Your goal | Your copy should contain exactly the lines from the start of the material through the line containing "Sleeve ➕ Half skirt", and no pictures.

Material provided |
======
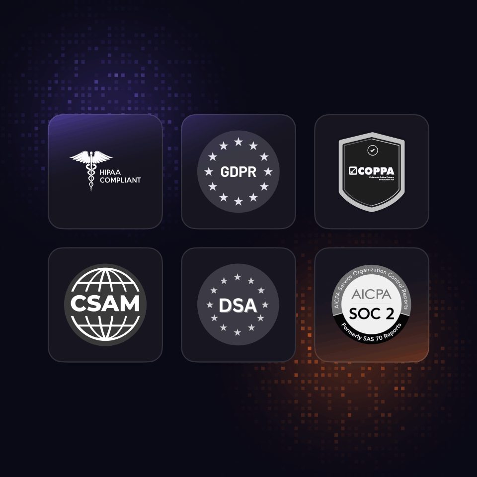 Supports COPPA, DSA, and CSAM-related requirements through data control, moderation, and auditability - configured and governed by your team.
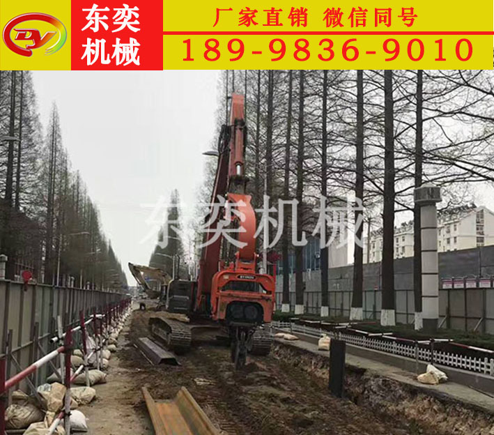 挖掘機液壓振動打樁機是一種廣泛應用各種基礎施工工程的沉拔樁施工機械。是利用其周期的激振力使樁周邊的土壤液化,以減少土壤對樁的摩擦阻力。利用樁體自重和樁錘重量,必要時可附加向下壓力使樁體切入土層;反之,施加向上拉力,可把樁體拔出土層。具有噪音低,沉樁效果好,可在水下作業等優點;液壓振動錘發展速度并廣泛用于沉拔樁施工中。
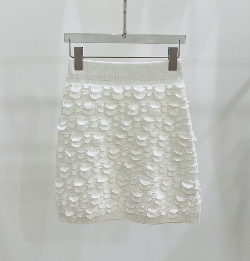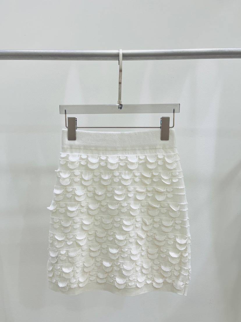 🔥🔥🔥 Chanel23 Summer New Simple Fragrance Style Reduced Age Fish Scale Knitted Short Sleeve ➕ Half skirt
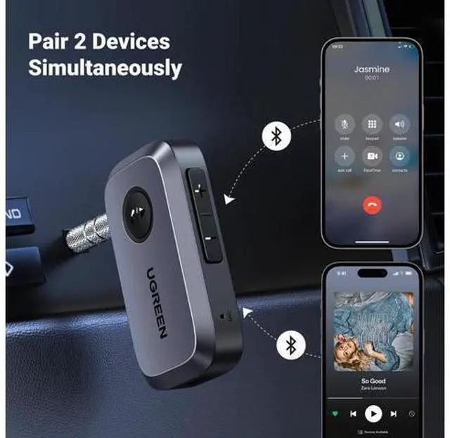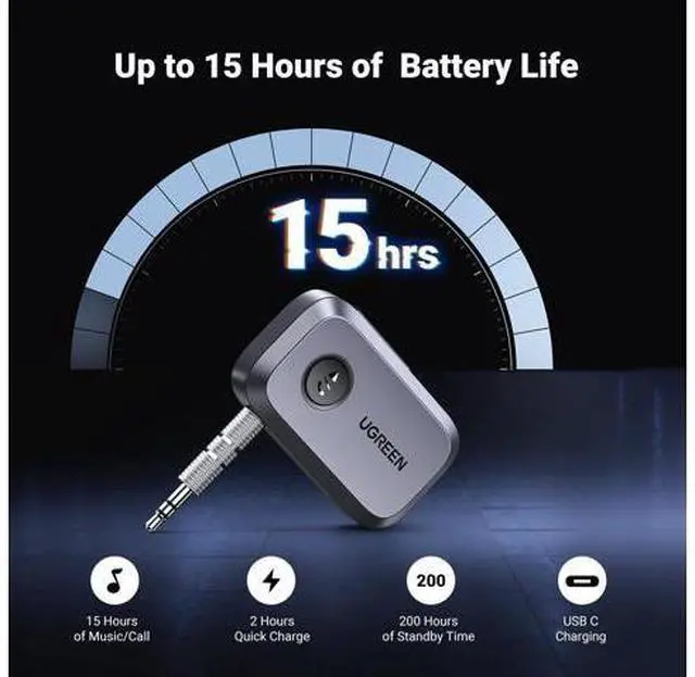 Bluetooth Chip: UGREEN aux bluetooth adapter for car uses the latest Bluetooth 5.4 chip, aming to provide faster transmission speed, higher reliability, stability and lower power consumption; offering clear calls, super Low static noise and CD sound quality. Product information Special Feature Hands-free Calling, Noise Cancellation, Intelligent Noise Reduction, Bluetooth 5.4, Auxiliary Bluetooth Adapter, 3.5 mm AUX Port, Navigation, Long Battery Life, Built-in Mic, Bluetooth to Aux, Car Audio Adapter Brand UGREEN Connectivity Technology Bluetooth Power Source Battery Powered Material Plastic Product Dimensions 2.24 x 1.1 x 0.51 inches Item Weight 2.89 ounces Item model number 35054 Batteries 1 Lithium Metal batteries required. (included) Date First Available September 13, 2023 Manufacturer UGREEN GROUP LIMITED Additional Features What can I do if the adapter cannot boot? The adapter might temporarily turn off or be difficult to turn on in cold conditions. You can recharge it or just use a hair dryer to blow it for 1-2 minutes via the hot air, and then turn it on.
======
Answer to this exercise |
 Supports COPPA, DSA, and CSAM-related requirements through data control, moderation, and auditability - configured and governed by your team.
 挖掘機液壓振動打樁機是一種廣泛應用各種基礎施工工程的沉拔樁施工機械。是利用其周期的激振力使樁周邊的土壤液化,以減少土壤對樁的摩擦阻力。利用樁體自重和樁錘重量,必要時可附加向下壓力使樁體切入土層;反之,施加向上拉力,可把樁體拔出土層。具有噪音低,沉樁效果好,可在水下作業等優點;液壓振動錘發展速度并廣泛用于沉拔樁施工中。
 🔥🔥🔥 Chanel23 Summer New Simple Fragrance Style Reduced Age Fish Scale Knitted Short Sleeve ➕ Half skirt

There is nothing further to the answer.